◆ **Task requirements**
Exact copy, no pictures: return only the lines below from the line with "that support. |" up to and including the line with "TABLE 2 Estimated".

◆ **Data items**
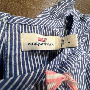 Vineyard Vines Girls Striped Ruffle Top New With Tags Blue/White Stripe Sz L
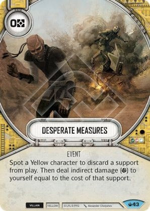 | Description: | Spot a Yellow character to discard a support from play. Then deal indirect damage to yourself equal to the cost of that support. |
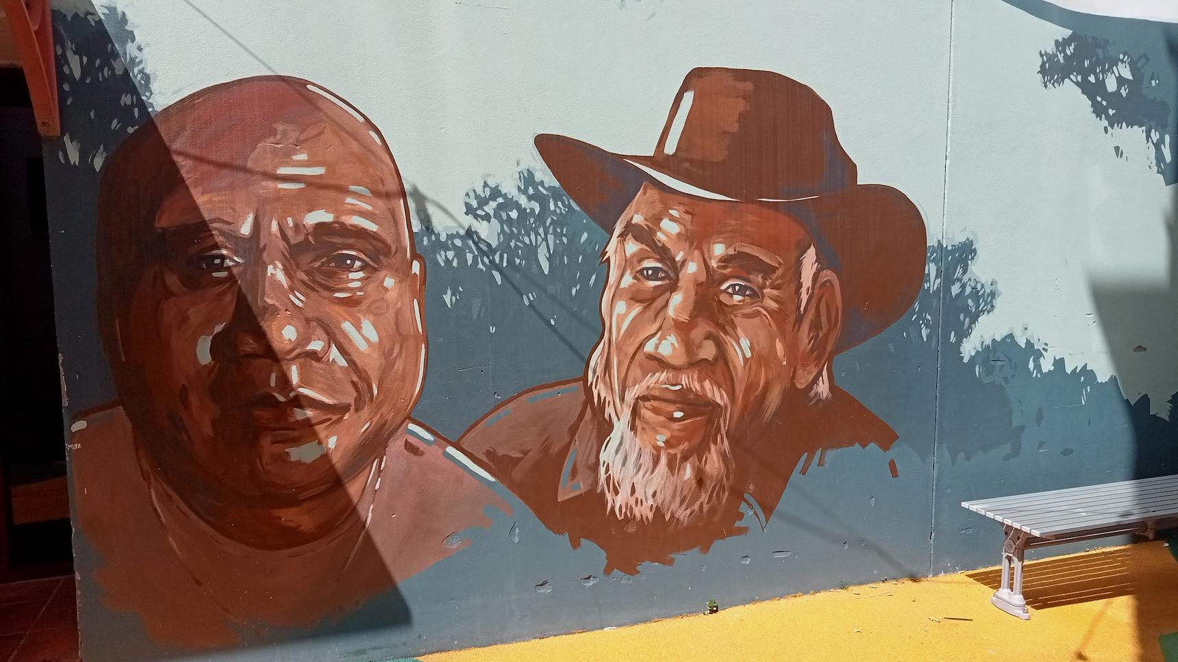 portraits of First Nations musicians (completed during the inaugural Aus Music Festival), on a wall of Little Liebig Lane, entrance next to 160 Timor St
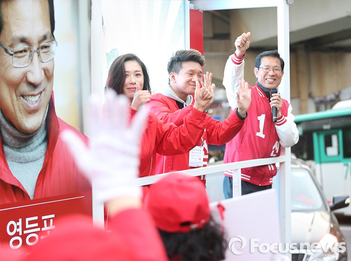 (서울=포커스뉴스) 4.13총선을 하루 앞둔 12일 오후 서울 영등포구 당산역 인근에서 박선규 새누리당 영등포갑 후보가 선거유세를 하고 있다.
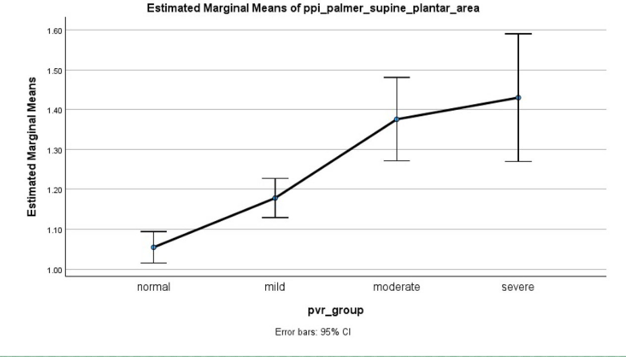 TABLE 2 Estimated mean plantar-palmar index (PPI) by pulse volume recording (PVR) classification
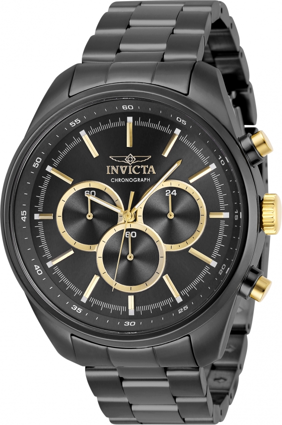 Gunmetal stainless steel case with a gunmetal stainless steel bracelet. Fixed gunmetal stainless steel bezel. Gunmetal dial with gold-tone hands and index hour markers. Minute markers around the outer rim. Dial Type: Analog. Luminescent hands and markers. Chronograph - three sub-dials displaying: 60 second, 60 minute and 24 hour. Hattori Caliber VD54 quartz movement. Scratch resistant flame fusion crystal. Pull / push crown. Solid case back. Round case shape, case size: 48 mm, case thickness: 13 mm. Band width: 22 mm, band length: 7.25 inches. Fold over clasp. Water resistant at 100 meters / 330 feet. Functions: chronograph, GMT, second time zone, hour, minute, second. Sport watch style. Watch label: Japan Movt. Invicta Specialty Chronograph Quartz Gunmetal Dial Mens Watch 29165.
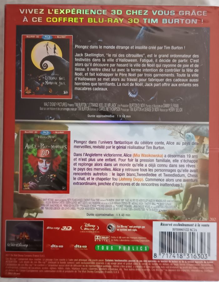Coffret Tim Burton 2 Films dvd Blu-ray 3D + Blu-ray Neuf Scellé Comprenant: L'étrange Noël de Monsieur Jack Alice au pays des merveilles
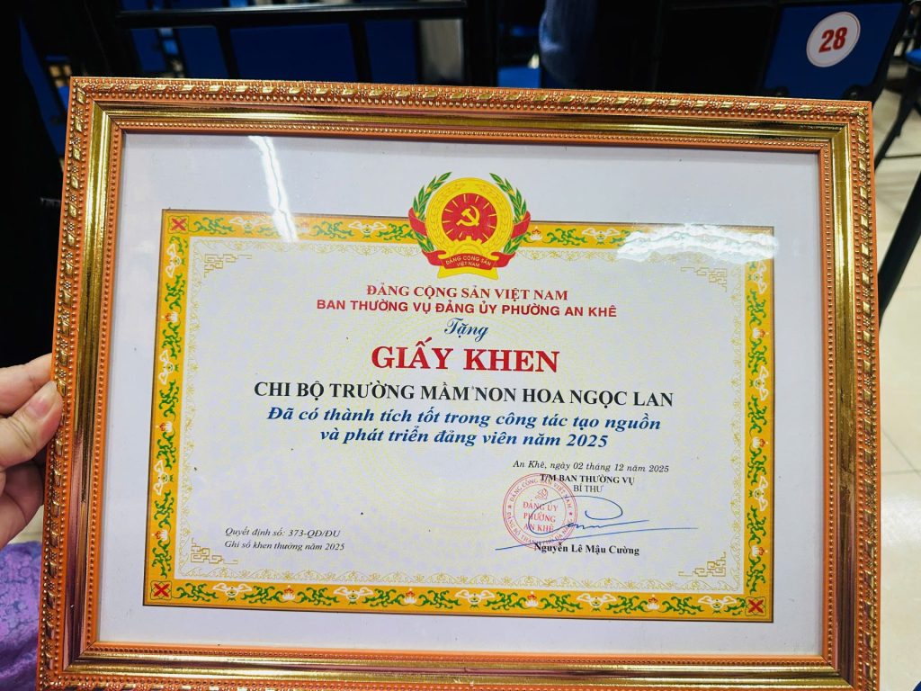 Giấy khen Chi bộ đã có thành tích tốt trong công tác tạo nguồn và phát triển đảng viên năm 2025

◆ **Task result**
 | Description: | Spot a Yellow character to discard a support from play. Then deal indirect damage to yourself equal to the cost of that support. |
 portraits of First Nations musicians (completed during the inaugural Aus Music Festival), on a wall of Little Liebig Lane, entrance next to 160 Timor St
 (서울=포커스뉴스) 4.13총선을 하루 앞둔 12일 오후 서울 영등포구 당산역 인근에서 박선규 새누리당 영등포갑 후보가 선거유세를 하고 있다.
 TABLE 2 Estimated mean plantar-palmar index (PPI) by pulse volume recording (PVR) classification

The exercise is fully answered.